Terdakwa tiba di lokasi sekitar pukul 02.26 WIB dan menunggu di depan rumah hingga pagi hari. Sekitar pukul 06.45 WIB, saat korban membuka pintu, terdakwa langsung masuk dan terjadi percekcokan sengit. Dalam pertengkaran itu, korban sempat mengambil pisau dapur dan menantang terdakwa.

Situasi semakin memanas hingga akhirnya terdakwa mencekik korban, membantingnya ke dinding, dan menindihnya hingga kehabisan napas.
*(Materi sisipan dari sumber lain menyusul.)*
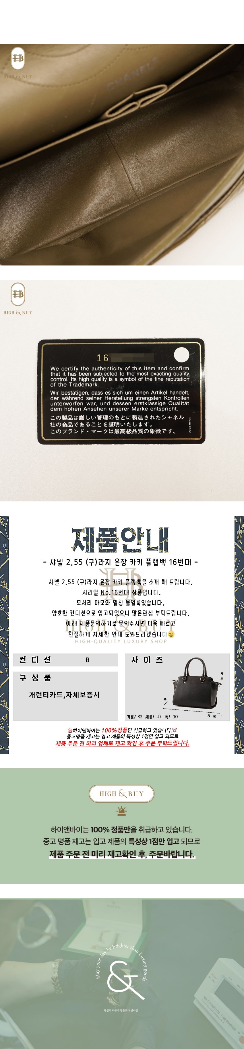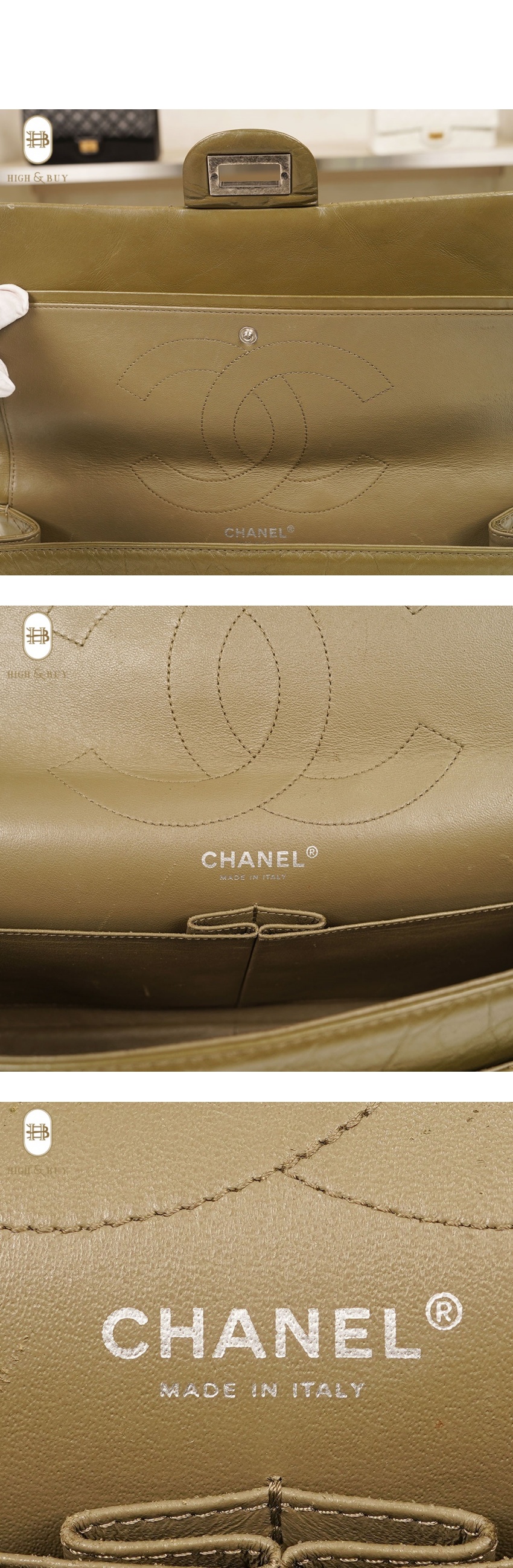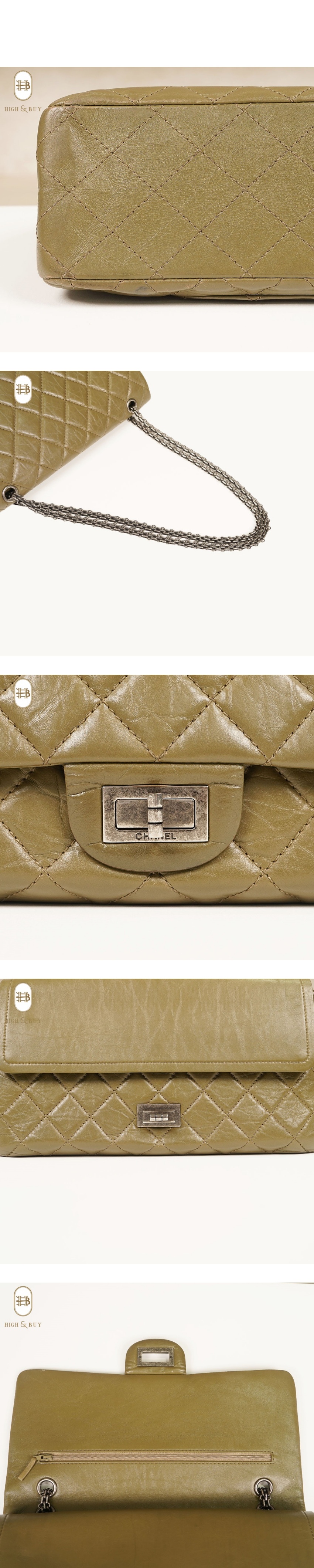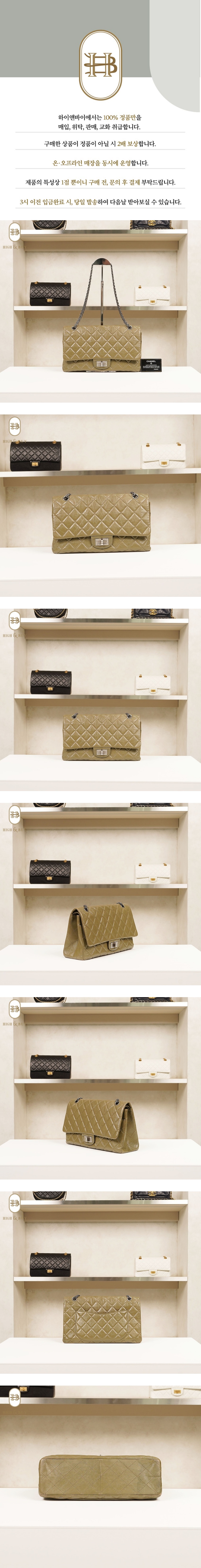 [하이앤바이 김해점] 샤넬 2.55 (구)라지 은장 카키 플랩백 16번대
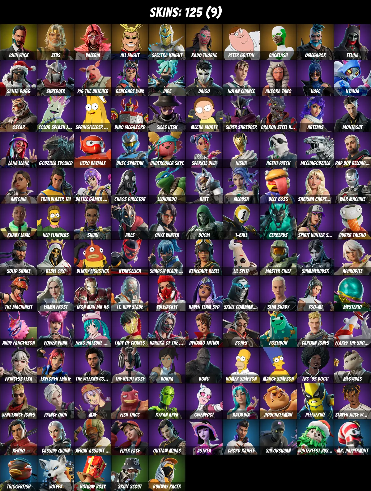 โกPC/PSN/XBOXโก 125 skins ๐ John Wick ๐ Backlash ๐ Gwenpool ๐ Master Chief ๐ Zeus ๐ Peelverine ๐ Peter Griffin ๐ Poseidon ๐ Slayer Juice Wrld ๐ Valeria ๐ Omegarok ๐ All Might ๐ Spectra Knight ๐ Kado Thorne ๐ Ol' Woody ๐ Felina ๐ Santa Dogg ๐ 250 V-Bucks ๐
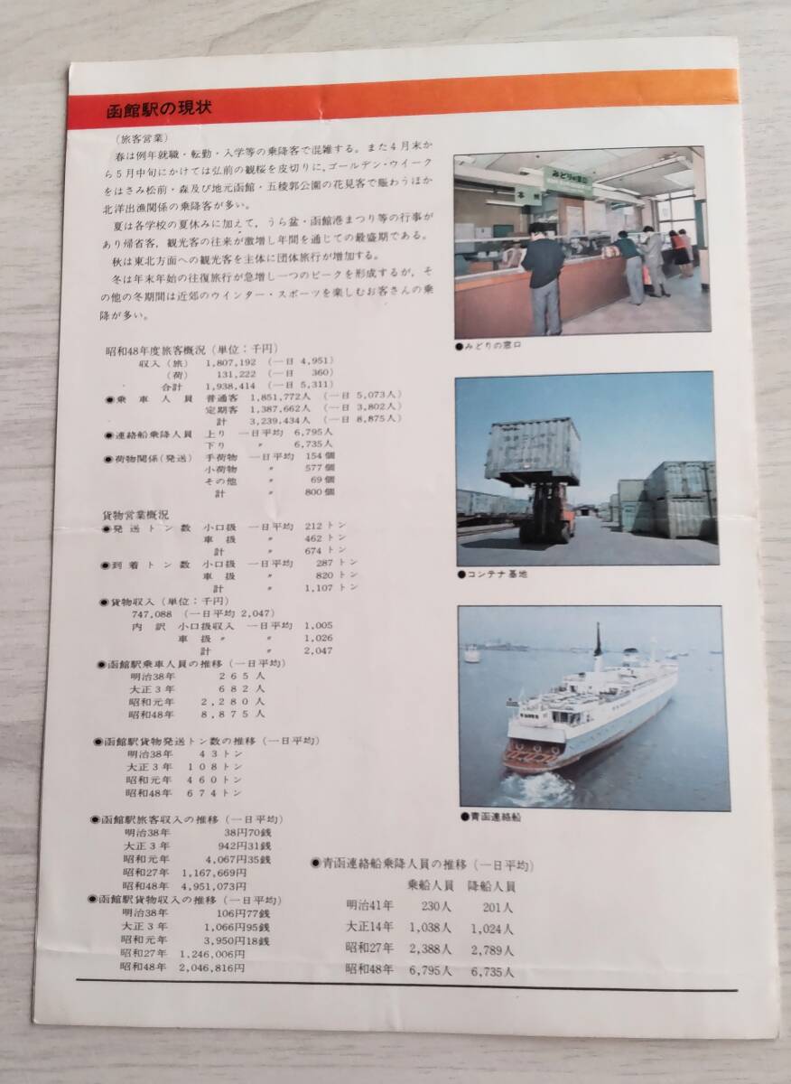 かつての懐かしい四代目駅舎と青函連絡船の写真が表紙になっている昭和レトロなパンフレットです。
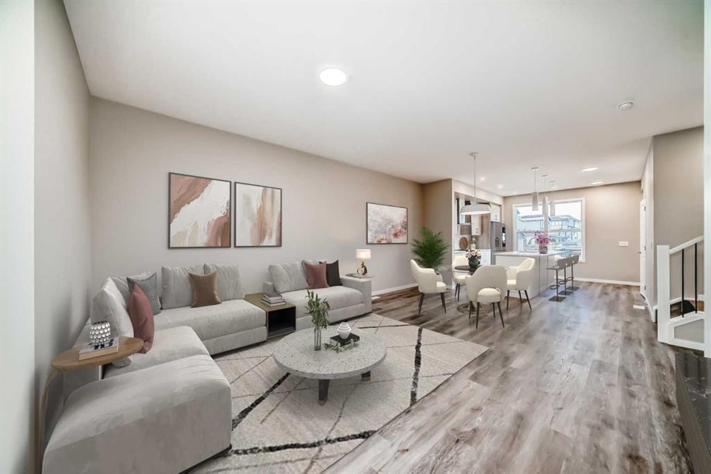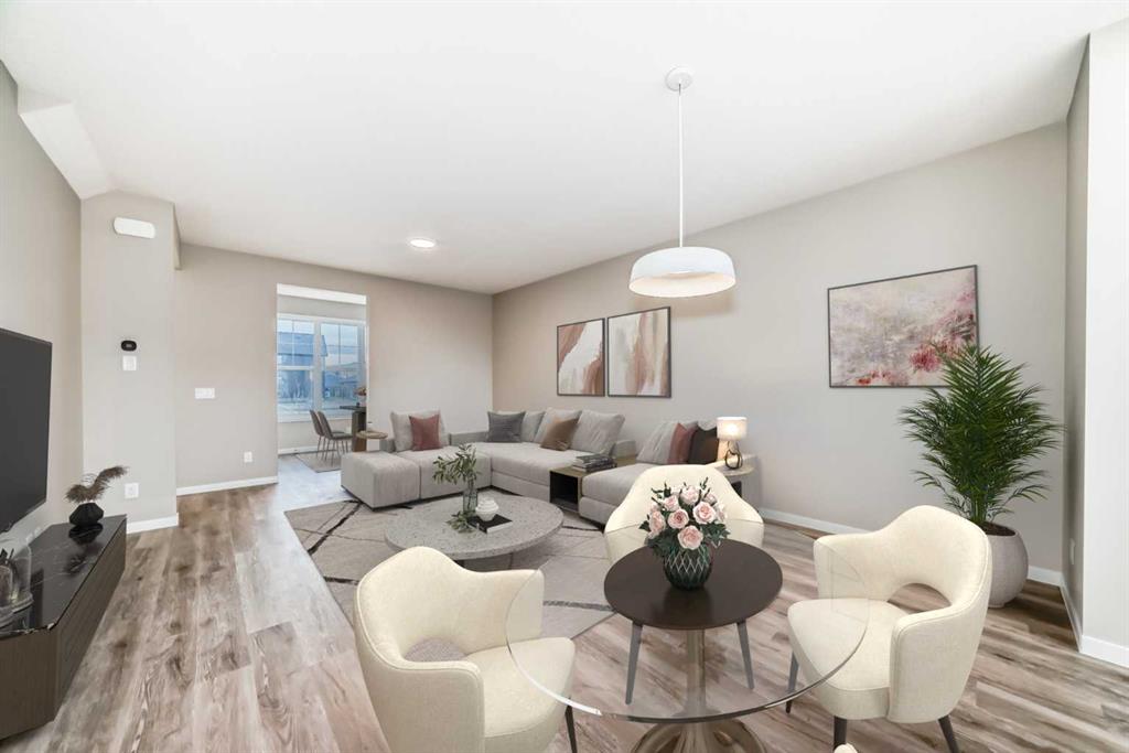 Meet the brand-new “Heath,” a fresh take on a beloved layout that blends smart design with everyday comfort. Step inside to a bright, open main floor finished in warm luxury vinyl plank, with a versatile front flex room that suits a home office, homework zone, or cozy reading spot. The rear of the home opens to an inviting living room and an oversized dining area—perfect for weeknight dinners and weekend gatherings alike. Anchoring the space, the chef’s kitchen showcases wood-grain cabinetry raised to the bulkhead, crisp white quartz counters, a classic subway tile backsplash that wraps the standalone hood fan, stainless steel appliances, and a large island that makes prep, snacks, and conversation effortless. A generous back window brings in natural light, and the practical rear entrance keeps daily comings and goings simple. Upstairs, a centrally located loft creates a true second living space and smart separation between the sleeping quarters. The spacious primary retreat features a walk-in closet and a spa-inspired 4-piece ensuite with dual sinks, while two additional bedrooms share a well-appointed 4-piece bath. The upper laundry room keeps chores convenient and out of sight. A side/secondary entrance adds flexibility for future possibilities such as a guest, in-law, or private living area (subject to city/municipal approvals and permitting). Outside, the landscaping is complete—front and back—so you can enjoy the space from day one. Expect finished sod, mulched side yards, and thoughtfully selected trees/shrubs in the front that complement the streetscape and elevate curb appeal. And the setting? You’re in Mahogany—Calgary’s four-season lake community—where life revolves around water, parks, and connection. Enjoy two residents-only beaches, the Beach Club, tennis and sport courts, winter skating, fishing, playgrounds, and more than 22 km of pathways and preserved wetlands. Stroll to the Village Market for cafés, restaurants, fitness, and daily essentials, with the South Health Campus and Seton Urban District just minutes away. From paddleboards to sunset walks, the Heath puts a resort-style lifestyle within easy reach.
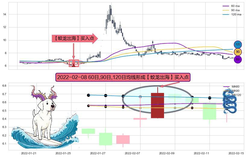 ⚀ 2022-02-08日显现 60日-90日-120日均线 【蛟龙出海】买入点 看多信号,后市看涨,买入
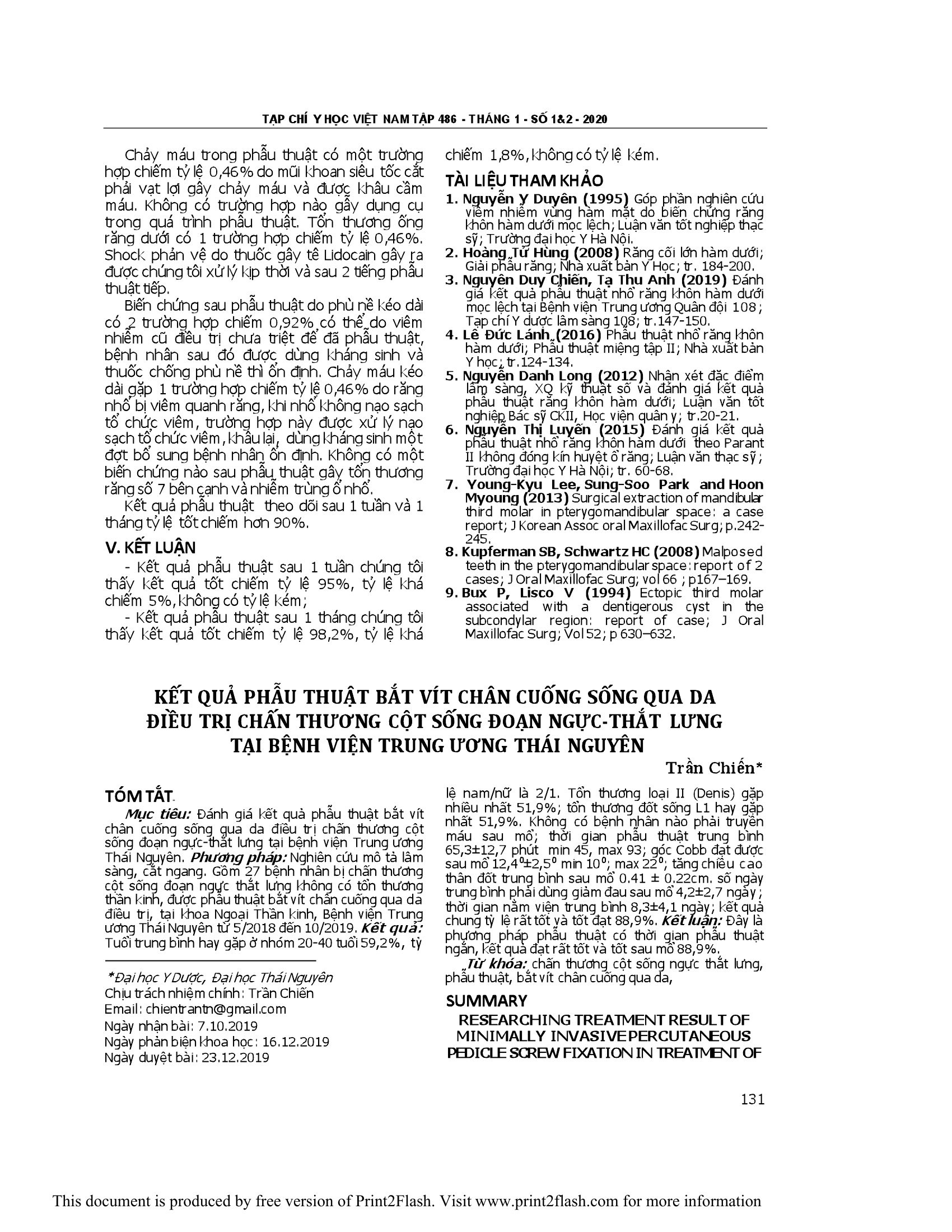 Nghiên cứu có mục tiêu là đánh giá kết quả phẫu thuật bắt vít chân cuống sống qua da điêu trị chấn thương cột sống đoạn ngực-thắt lưng tại bệnh viện Trung ương Thái Nguyên. Nghiên cứu mô tả lầm sàng, cát ngang. Gồm 27 bệnh nhân bị chấn thương cột sống đoạn ngực thắt lưng không có tổn thương thần kinh, được phẫu thuật bắt vít chân cuống qua da điều trị, tại khoa Ngoại Thần kinh, Bệnh viện Trung ương Thái Nguyên từ 5/2018 đến 10/2019. Nghiên cứu cho kết quả là tuổi trung bình hay gặp ở nhóm 20-40 tuổi 59,2%, tỷ lệ nam/nữ là 2/1. Tôn thương loại II (Denis) gặp nhiều nhất 51,9%; tổn thương đốt sống L1 hay gặp nhất 51,9%. Không có bệnh nhân nào phải truyền máu sau mổ, thời gian phẫu thuật trung bình 65,3±12,7 phút min 45, max 93; góc Cobb đạt được sau mổ 12,4°±2,5° min 10°; max 22°; tăng chiều cao thân đốt trung bình sau mổ 0.41 ± 0.22cm. số ngày trung bình phải dùng giảm đau sau mỗ 4,2±2,7 ngày ; thời gian nằm viện trung bình 8,3±4,1 ngày; kết quả chung tỷ lệ rất tốt và tốt đạt 88,9%. Đây là phương pháp phẫu thuật có thời gian phẫu thuật ngắn, kết quả đạt rất tốt và tốt sau mổ 88,9%.
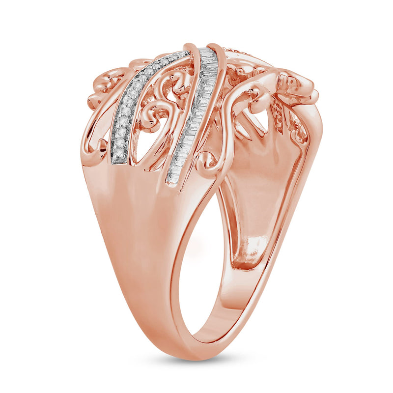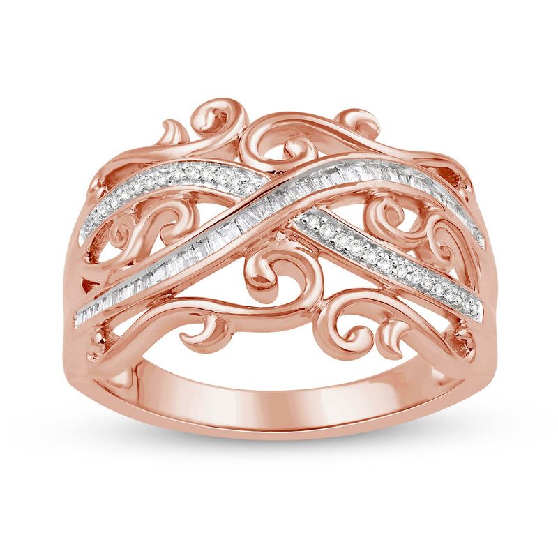 • Rose Gold over Sterling Silver With 1/4 Cttw Natural White Diamonds Anniversary Ring
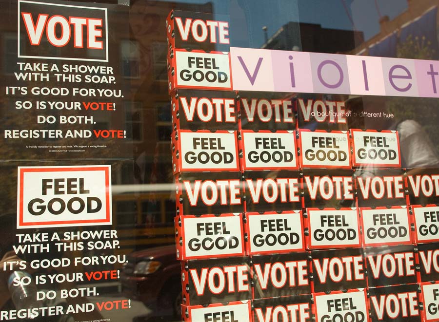 FEEL GOOD, IT’S GOOD FOR YOU, SHOWER AND VOTE… Democrat Party platform in Denver shop window. If it feels good, do it.
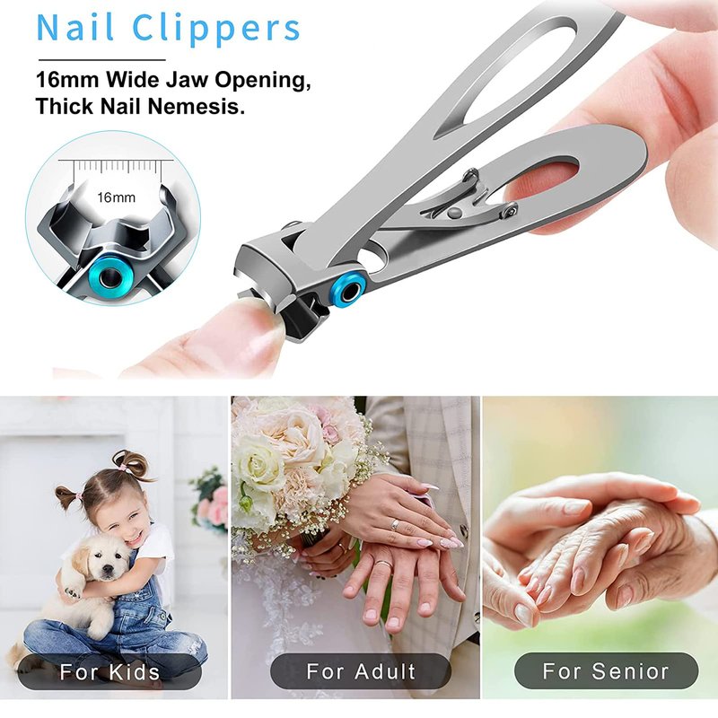 - Wide Jaw Opening Nail Clippers: Extra Wide Opening Nail Clipper for thick nails wider than the opening of ordinary nail clippers, and can be opened up to 16mm, which can easily clip any thick nails. Nail clippers for thick nails adopt an innovative lever design that reduces the pressure required to cut your nails, allowing you to cut hard and thick nails with ease.
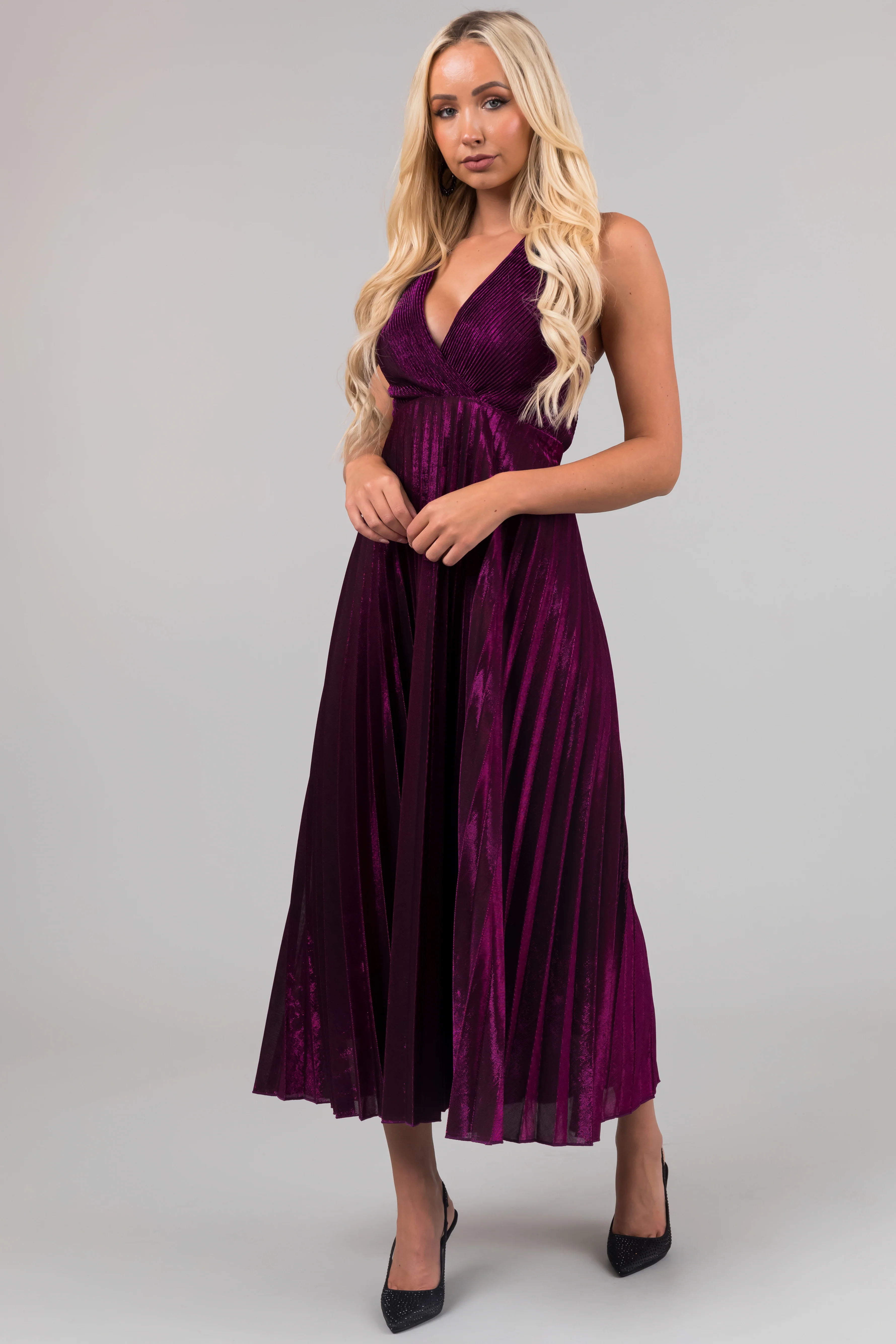 Plum Surplice Neck Sleeveless Pleated Maxi Dress - LD SALE Plum Surplice Neck Sleeveless Pleated Maxi Dress - LD SALE
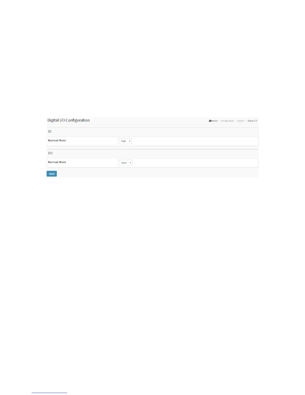 1. Click Configuration, System and Digital I/O.

Setelah memastikan korban tidak bergerak, terdakwa mencoba menyamarkan kejadian dengan menggantung korban menggunakan kabel HDMI, seolah-olah korban bunuh diri.

Setelah itu, terdakwa mengambil handphone korban merek Samsung F13 beserta dusnya, memasukkan jaketnya ke dalam tas, dan meninggalkan kontrakan. Sekitar pukul 09.03 WIB, CCTV di sekitar lokasi menangkap rekaman terdakwa berjalan meninggalkan rumah korban. Handphone korban kemudian dijual di WTC Surabaya dengan harga Rp5 juta untuk kepentingan pribadi terdakwa.

Jenazah korban baru ditemukan sehari kemudian, pada 30 Juli 2024 pukul 14.30 WIB, oleh Budi Hardjo, Septa Eka Pratama, dan Cahyo Hadi, yang merupakan satpam perumahan setempat. Mereka curiga karena pintu kontrakan terbuka sementara motor korban masih terparkir di halaman.

Hasil visum et repertum yang dilakukan oleh dr. Abdul Aziz, Sp.FM di RSUD Dr. Soetomo Surabaya menunjukkan bahwa korban mengalami luka-luka akibat kekerasan tumpul, termasuk luka lecet dan memar di wajah, kepala, serta leher. Penyebab utama kematian adalah pendarahan otak akibat benturan keras, yang mengakibatkan pembengkakan otak dan menekan pusat pernapasan korban.

Sementara itu, hasil analisis DNA yang dilakukan oleh Prof. Dr. Ahmad Yudianto, Sp.FM dari Universitas Airlangga mengonfirmasi adanya DNA korban pada kabel HDMI yang digunakan terdakwa untuk menggantung tubuh korban.

Dalam sidang yang digelar di Pengadilan Negeri Surabaya, JPU menuntut terdakwa Putri Natasya dengan hukuman 11 tahun penjara atas tindak pidana pembunuhan sebagaimana diatur dalam Pasal 338 KUHP tentang pembunuhan berencana.

Sidang selanjutnya akan memasuki agenda pembelaan dari terdakwa yang dijadwalkan dalam waktu dekat. Pengacara terdakwa kemungkinan akan mengajukan pleidoi dengan alasan pembelaan diri, mengingat dalam perselisihan korban sempat memegang senjata tajam.

Kasus ini menjadi perhatian publik karena melibatkan hubungan kakak-beradik dalam tragedi berdarah yang berujung pada proses hukum.